What Is Speech Quality?

Speech quality is a subjective measure of how well a listener/group of listeners can interpret human or synthetic speech and receive the intended information.

As the definition suggests, the concept has several traits:

  • It Is Subjective – It’s impossible to assign an outright score to a piece of recorded or live speech. There must be a listener, with quality assessed in the context of the said listener.
  • It Can Be Synthetic – Contact centers can assess the speech quality of IVRs and intelligent voice assistants, alongside that coming from customers and agents.
  • It Is Influenced By Technology and the Environment – Alongside the agent’s speech, the voice channel relays ambient noise from the surrounding environment, and microphone stutters that reduce speech quality.

Just remember, speech quality doesn’t capture how clear the agent’s voice was. Instead, it tries to measure the difference between the agent’s speech in real life – i.e., as heard in the contact center – and what the customer hears – i.e., as heard after passing through the telephony system.

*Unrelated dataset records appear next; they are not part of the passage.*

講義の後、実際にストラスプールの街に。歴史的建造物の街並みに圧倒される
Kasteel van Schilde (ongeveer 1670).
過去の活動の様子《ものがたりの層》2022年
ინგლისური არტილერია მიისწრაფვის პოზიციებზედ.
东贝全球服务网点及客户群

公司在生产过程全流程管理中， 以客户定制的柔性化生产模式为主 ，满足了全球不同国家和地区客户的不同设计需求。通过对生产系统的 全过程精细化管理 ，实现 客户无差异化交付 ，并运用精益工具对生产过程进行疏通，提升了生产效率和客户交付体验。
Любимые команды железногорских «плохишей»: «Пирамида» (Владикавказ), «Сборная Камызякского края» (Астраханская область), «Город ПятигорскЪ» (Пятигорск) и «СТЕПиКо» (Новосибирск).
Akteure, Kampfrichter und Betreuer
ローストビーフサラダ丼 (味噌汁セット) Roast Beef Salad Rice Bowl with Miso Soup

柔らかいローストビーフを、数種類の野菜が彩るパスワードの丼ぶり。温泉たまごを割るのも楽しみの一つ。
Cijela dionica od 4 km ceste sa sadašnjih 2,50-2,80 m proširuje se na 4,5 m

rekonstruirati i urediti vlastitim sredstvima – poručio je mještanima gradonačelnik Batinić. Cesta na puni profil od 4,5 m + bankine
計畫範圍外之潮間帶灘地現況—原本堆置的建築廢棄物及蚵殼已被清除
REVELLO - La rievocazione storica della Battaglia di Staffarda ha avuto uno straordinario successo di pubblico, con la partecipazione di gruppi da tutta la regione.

The Industry Standard for Measuring Speech Quality

There are many ways companies can test the voice quality offered by their phone technology. Perhaps the easiest solution is to ask someone to call a business contact number and evaluate the audio quality.

However, since factors like location and time can sometimes affect audio quality, this strategy could deliver limited insights.

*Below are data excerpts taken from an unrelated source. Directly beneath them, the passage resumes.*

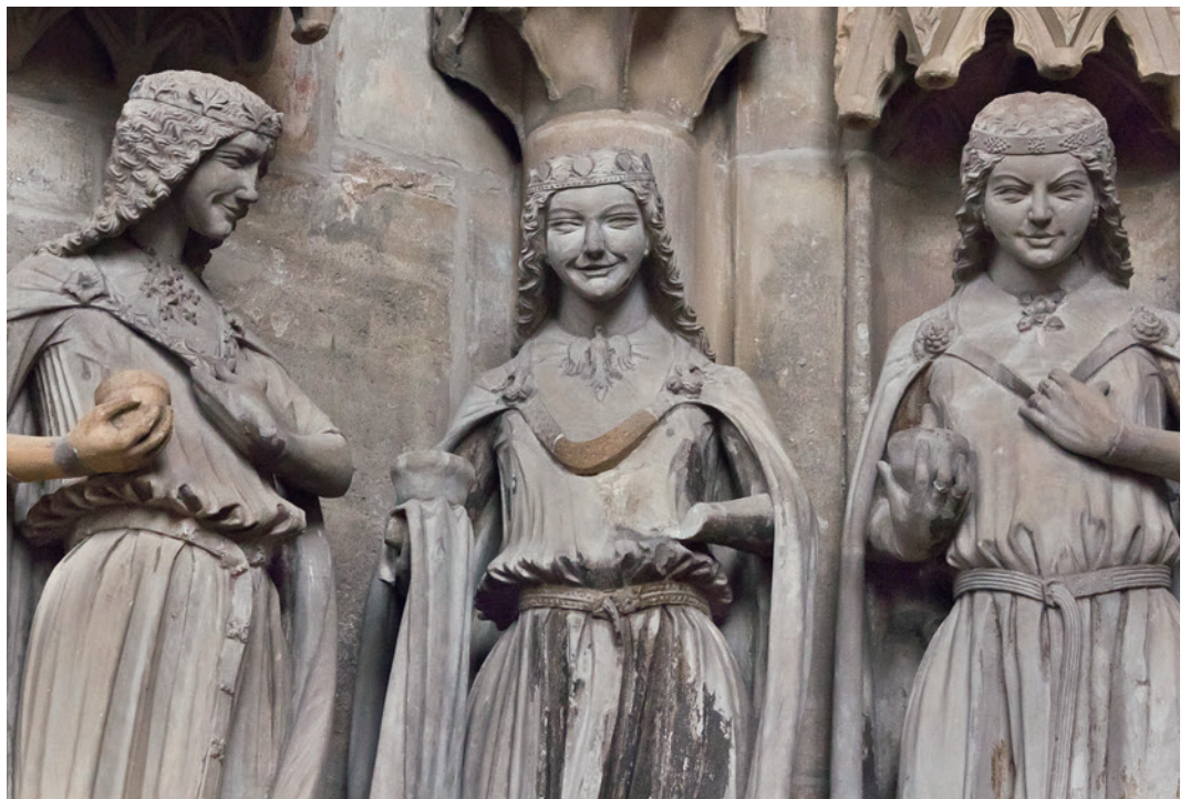
Abb. 4 Adlerbrosche, Darstellung an einer Steinskulptur aus der Serie der klugen und törichten Jungfrauen in der Vorhalle des Doms zu Magdeburg, um 1260.

Ein besonderes Merkmal des Fundes aus Westerkappeln ist der nach vorne gerichtete Blick des Vogels. Heraldische Adlerdarstellungen, bei denen der Raubvogel nach links oder rechts schaut bzw. einen Doppelkopf aufweist, finden sich seit dem Ende des 12. Jahrhunderts und im 13. Jahrhundert in großer Zahl im profanen und sakralen Bereich (Abb. 2, 1–3). Bei den wenigen erhaltenen Schmuckstücken jener Zeit begegnen ebenfalls meist heraldische Abbildungen. Beispiele für eine vergleichbare Frontalansicht eines Adlers finden sich aber nur bei zwei sehr ähnlichen Beschlügen bzw. Anhängern aus Soest (Abb. 2, 4) bzw. von der Hermannsacker-Burg in Schade- wald bei Ebersburg im Harz, die allgemein in das 13. oder 14. Jahrhundert datiert werden. Eine goldene »Adlerbrosche« in Frontalansicht in einer größeren und mehrere Qualitätsstufen über dem Fund aus Westerkappeln stehenden Ausführung mit Goldfiligran und Granulation bzw. Edelsteineinlagen stammt aus dem Sarkophag der Konstanze von Aragón (gest. 1222), der ersten Ehefrau von Kaiser Friedrich II., in Palermo. Ein weiteres Exemplar befindet sich aufgenietet am Hals der sogenannten Goldenen Madonna aus der Zeit um 980 im Essener Münster (Abb. 3). Diese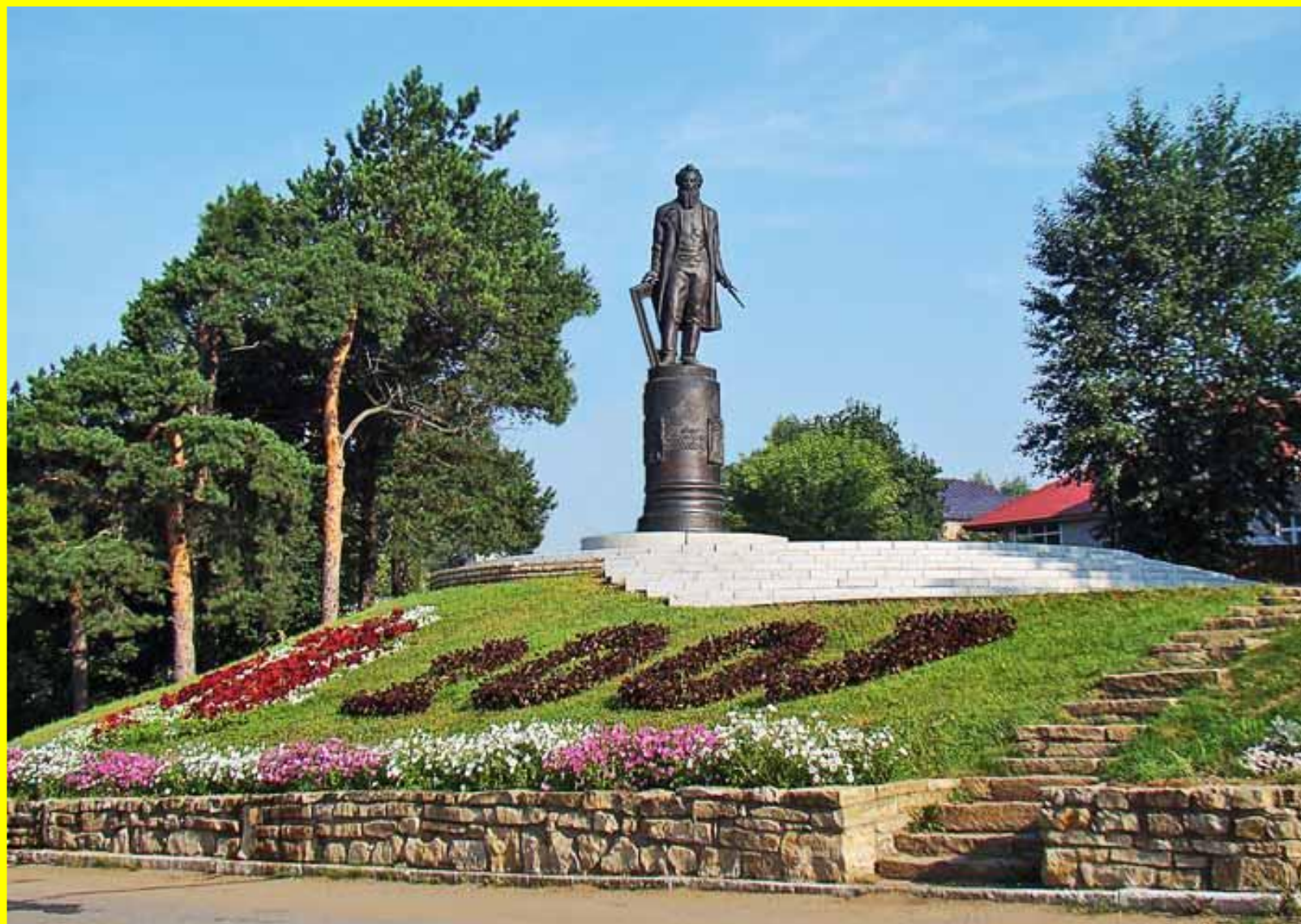
Памятник И.И. Шишкину. Г. Елабуга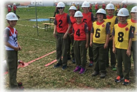
Summerau 3 startete in Leopoldschlag. Für sechs neue Mitglieder war dies der erste Bewerb!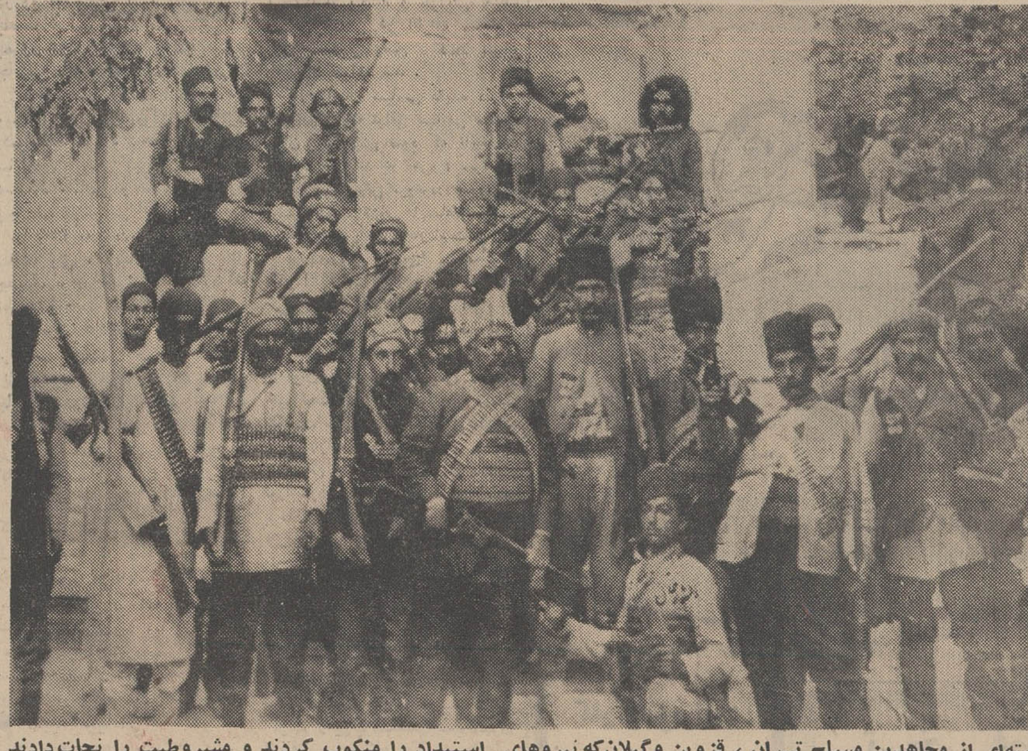
دستهای از مجاهدین مسلح تهران، قزوین و گیلان که نیروهای استبداد را منکوب کردند و مشروطیت را نجات دادند

بود در تاریکی شب خود با مجلس رسانیدند. در آن روزها که مشروطیت و آزادی در برابر استبداد و بیسده گری قرار گرفته بود اطراف بهارستان سنگربندی شده بود روز ۲۳ عده مجاهدین محدود شمسند نفر رسید که در سنگر های خود جای گرفته بودند و همینکه شب شد عده ای برای تکبیهاتی باقی ماندند و بقیه بمنازل خود مراجعت کردند موقع شروع جنگ عده کمی توانستند به مجلس مراجعت کنند.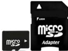
microSD 卡及 micro SD/SD 轉接卡

Many leading contact center innovators currently have tools to help companies monitor, examine, and measure speech quality more accurately. These typically rely on an industry-standard audio quality measure known as PESQ or Perceptual Evaluation of Speech Quality.

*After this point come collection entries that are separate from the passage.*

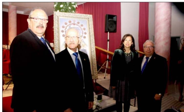
El presidente de la Federación, en la Exaltación de 'Un clavel para el Rocío'.

Por ello, al igual que en años anteriores, se invita a todas las entidades federadas para que se sumen a esta ofrenda floral, quedando citados en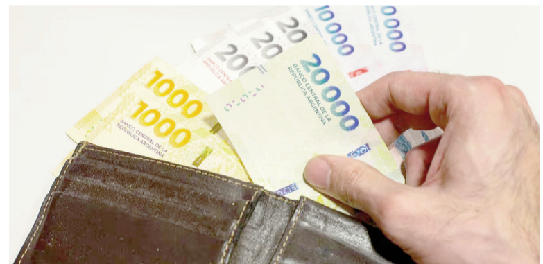
Aumenta el salario mínimo.

De esta manera, el sueldo básico cierra el 2025 con un incremento del 19,69%, por debajo de la inflación acumulada (31,3% hasta octubre).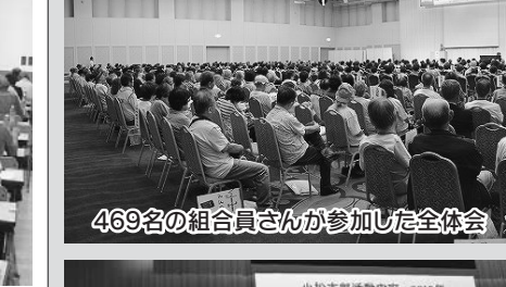
469名の組合員さんが参加した全体会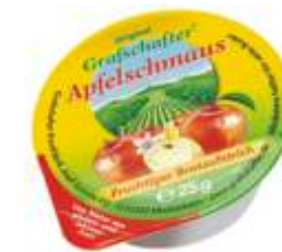
Hellma Grafschafter Apfelschmaus

ein Brotaufstrich, der aus frisch geernteten Äpfeln und einem kleinen Teil Birnen mit Hilfe eines besonders qualitätsschonenden Verfahrens hergestellt wird. 80x25g im Karton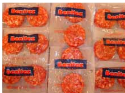
BURGUER MINI DE TERNERA, ANGUS O BUEY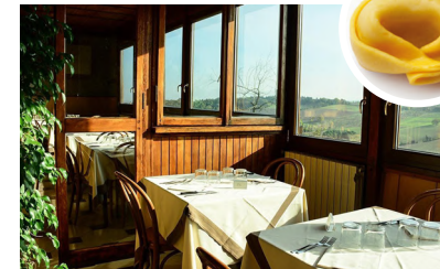
La Corte di Caterina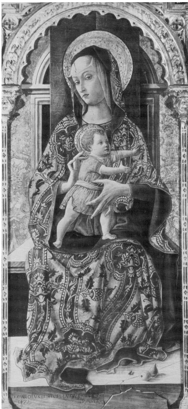
Fig. 14. Carlo Crivelli, Madonna in trono con il Bambino , scomparto centrale del polittico di Fermo, tavola firmata e datata CAROLVS+CRIVELLVS+VENETVS+ / 1472 PINSIT, proveniente dalla chiesa di san Domenico di Fermo, New York, Metropolitan Museum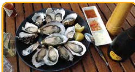
品尝塔州最美味的生蚝 Oyster Farm*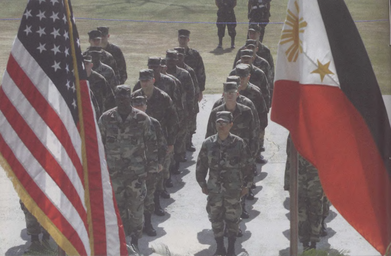
2月初，菲美开始联合军事演习

达一举拿下。要夺取巴格达和推翻萨达姆政权，至少要有1991年“沙漠风暴”行动的兵力，即大约17万士兵。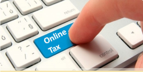
ऑनलाईन टॅक्स सुविधा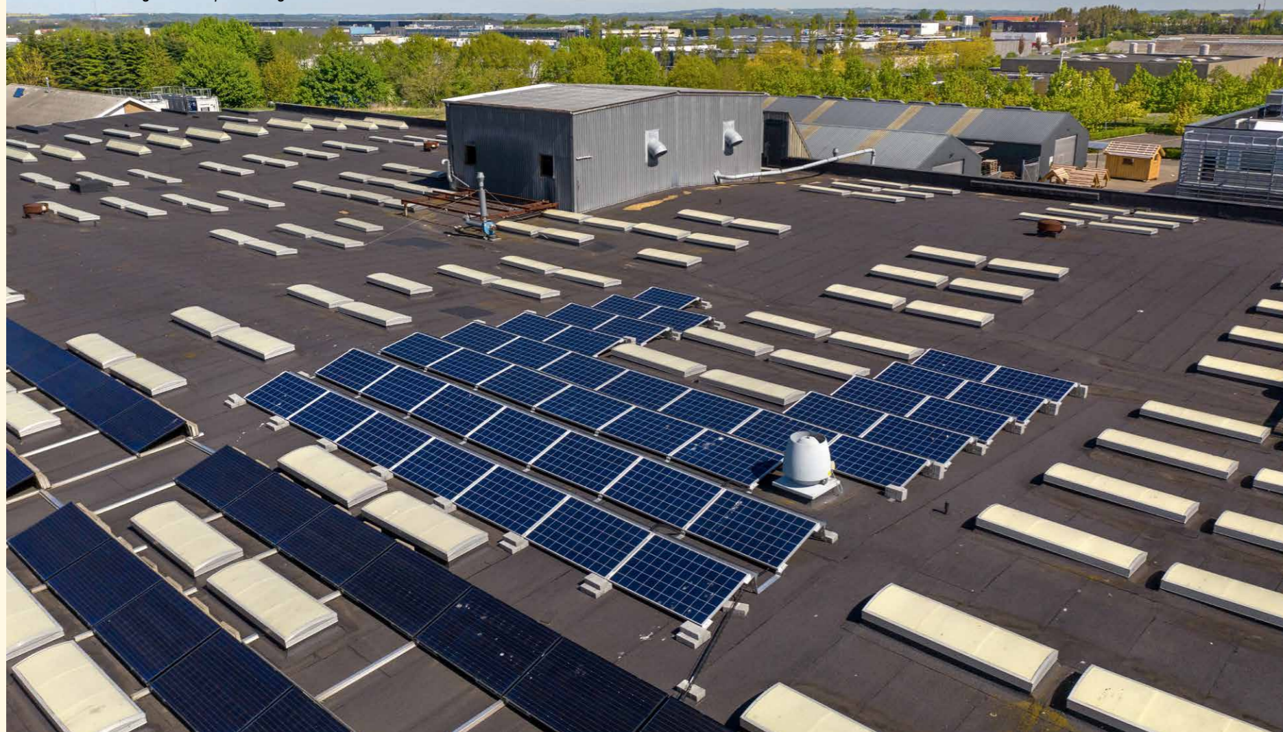
24 kW solcelleanlæg monteret på fladt tag

PESQ is an International Telecommunication Union-approved standard for measuring audio quality. It examines everything from audio sharpness and call volume to background noise, variable latency, lag in audio, clipping, and audio interference.

Also, PESQ allows for audio quality testing on multiple types of calls, from mobile and fixed lines to toll-free and toll services, and across VoIP and PSTN networks.

How Does a Speech Quality Test Work?

PESQ speech quality tests often compare audio output at the phone line receiver end to an original voice file on the speaker’s end.

In doing so, contact centers gain comprehensive insights into the voice quality that customers are likely to experience.

Such an approach is more accurate than other strategies for audio quality measurement, which often rely on predictions based on the performance of a network.

To follow this PESQ testing system, try the following four-step process for measuring speech quality:

  1. Set up an in-country server connected to a standard phone line (mobile or landline) that dials a contact number for the business.
  2. The server sends a DTMF dial tone which has been entered into the IVR system.
  3. The IVR connects the test call to a pre-loaded audio file, which plays a voice sample back over the line. The server records this.
  4. Analyze the voice sample to generate a quality score of between -0.5 and 4.5. The higher the score, the better the audio quality.

By sending test calls from in-country servers, voice quality testing strategies done in this way can uncover the genuine experiences of callers from regions across the globe.

Using the PESQ test, companies can more effectively manage SLAs with carriers, make better routing decisions, and benchmark call quality performance for groups in their audience.

Why Should You Measure Speech Quality?

Fortunately, today, measuring speech quality is as simple as using speech technology software like Hammer, Spearline, or Cyara.

By leveraging these tools, companies can avoid overlooking chronic system issues that hold back customer experiences and evade the attention of the contact center team.